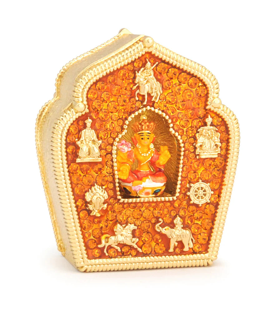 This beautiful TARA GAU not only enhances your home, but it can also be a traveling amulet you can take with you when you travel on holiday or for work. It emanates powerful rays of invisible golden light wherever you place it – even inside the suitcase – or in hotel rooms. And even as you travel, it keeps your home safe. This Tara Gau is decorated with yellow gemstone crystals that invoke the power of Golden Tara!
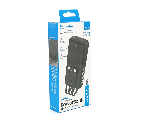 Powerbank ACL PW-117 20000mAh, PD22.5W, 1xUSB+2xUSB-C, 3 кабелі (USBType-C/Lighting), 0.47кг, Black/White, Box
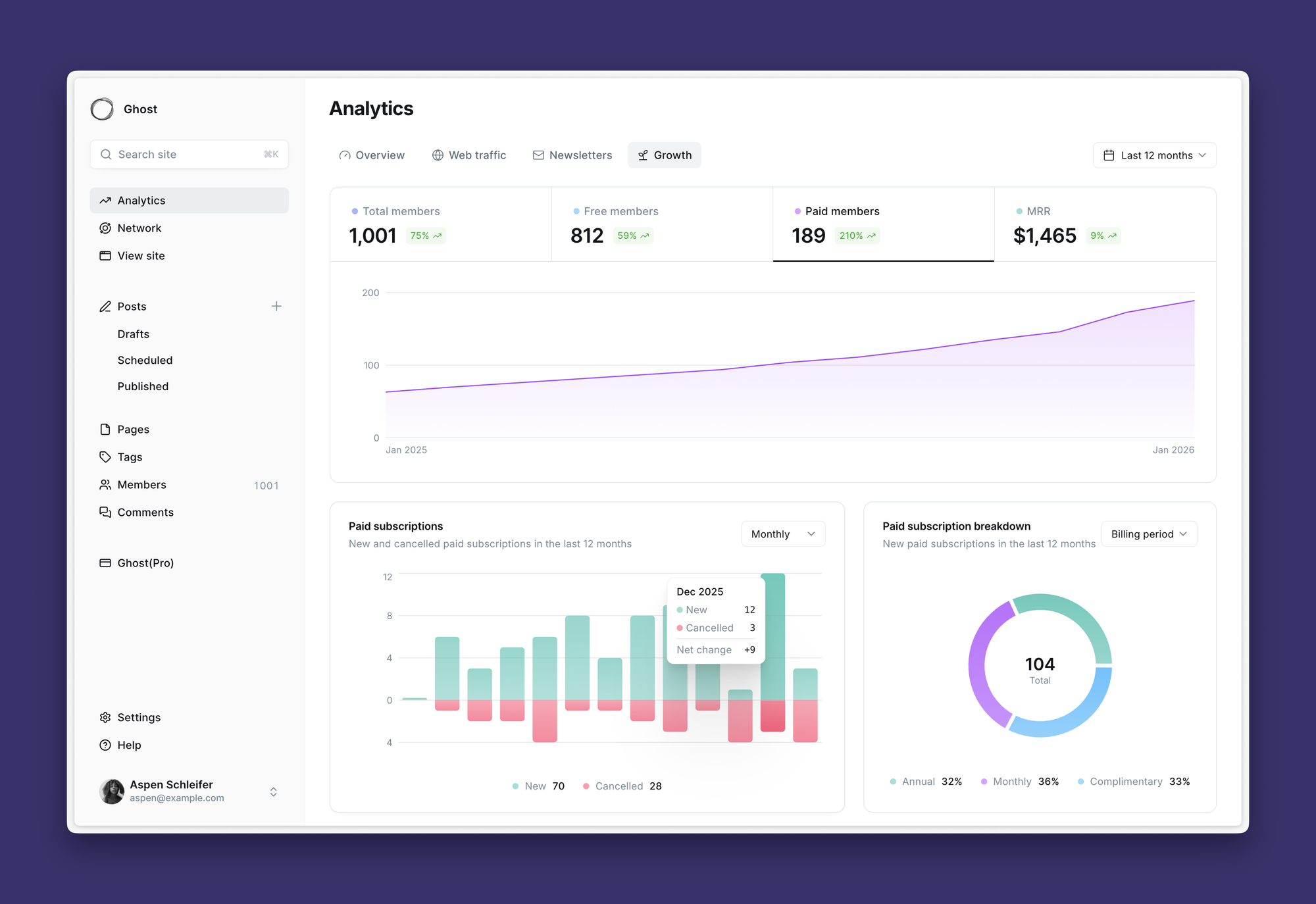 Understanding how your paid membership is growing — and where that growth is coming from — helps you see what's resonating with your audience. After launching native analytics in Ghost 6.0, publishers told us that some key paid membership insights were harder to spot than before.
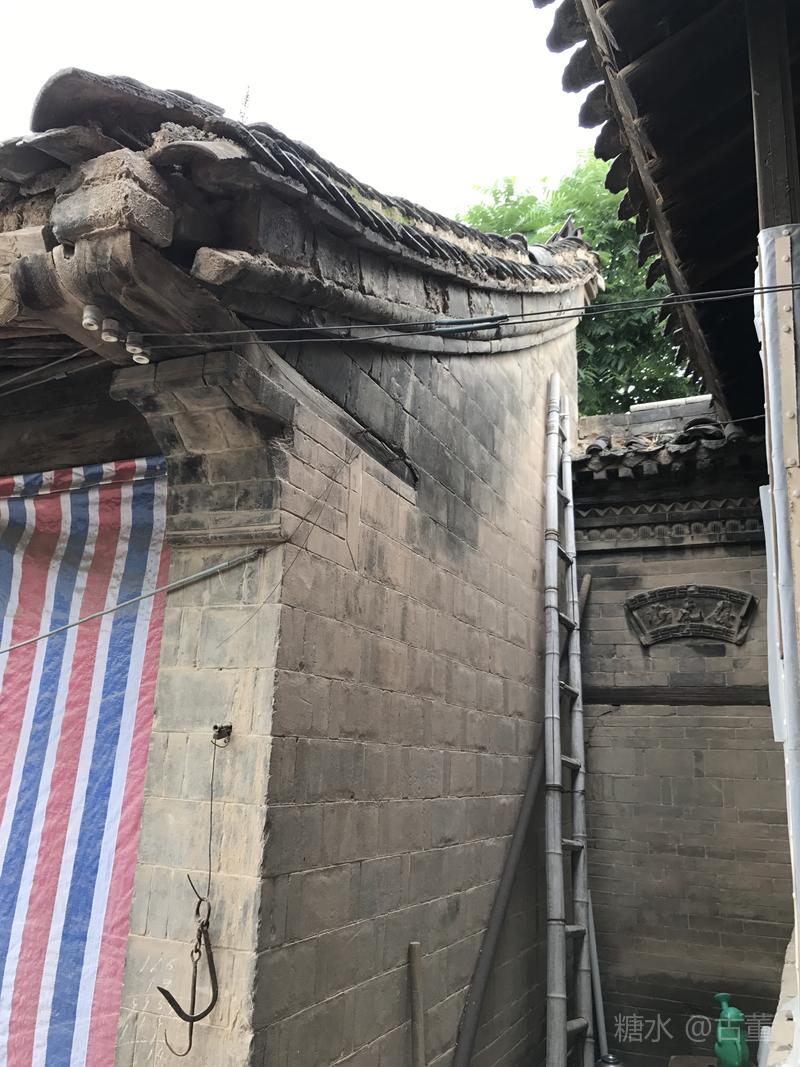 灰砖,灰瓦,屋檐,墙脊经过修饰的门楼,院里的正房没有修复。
* * *
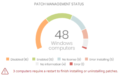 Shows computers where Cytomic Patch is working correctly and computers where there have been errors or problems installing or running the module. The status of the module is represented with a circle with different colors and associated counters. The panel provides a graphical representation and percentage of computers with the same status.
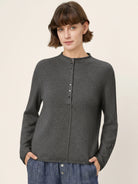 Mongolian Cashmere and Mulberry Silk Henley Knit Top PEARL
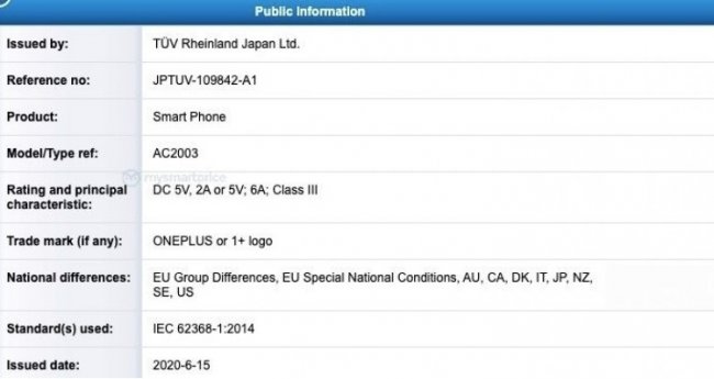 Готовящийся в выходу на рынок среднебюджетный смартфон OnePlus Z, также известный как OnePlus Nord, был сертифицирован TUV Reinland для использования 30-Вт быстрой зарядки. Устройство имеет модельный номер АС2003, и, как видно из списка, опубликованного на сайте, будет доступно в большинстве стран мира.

### PROBLEM DETAILS
In the records above, find the line containing "This beautiful TARA" and the line containing "灰砖,灰瓦,屋檐,墙脊经过修饰的门楼,院里的正房没有修复。", then give both of them again word for word along with every line between. Omit any pictures.

### COMPLETED TASK
 This beautiful TARA GAU not only enhances your home, but it can also be a traveling amulet you can take with you when you travel on holiday or for work. It emanates powerful rays of invisible golden light wherever you place it – even inside the suitcase – or in hotel rooms. And even as you travel, it keeps your home safe. This Tara Gau is decorated with yellow gemstone crystals that invoke the power of Golden Tara!
 Powerbank ACL PW-117 20000mAh, PD22.5W, 1xUSB+2xUSB-C, 3 кабелі (USBType-C/Lighting), 0.47кг, Black/White, Box
 Understanding how your paid membership is growing — and where that growth is coming from — helps you see what's resonating with your audience. After launching native analytics in Ghost 6.0, publishers told us that some key paid membership insights were harder to spot than before.
 灰砖,灰瓦,屋檐,墙脊经过修饰的门楼,院里的正房没有修复。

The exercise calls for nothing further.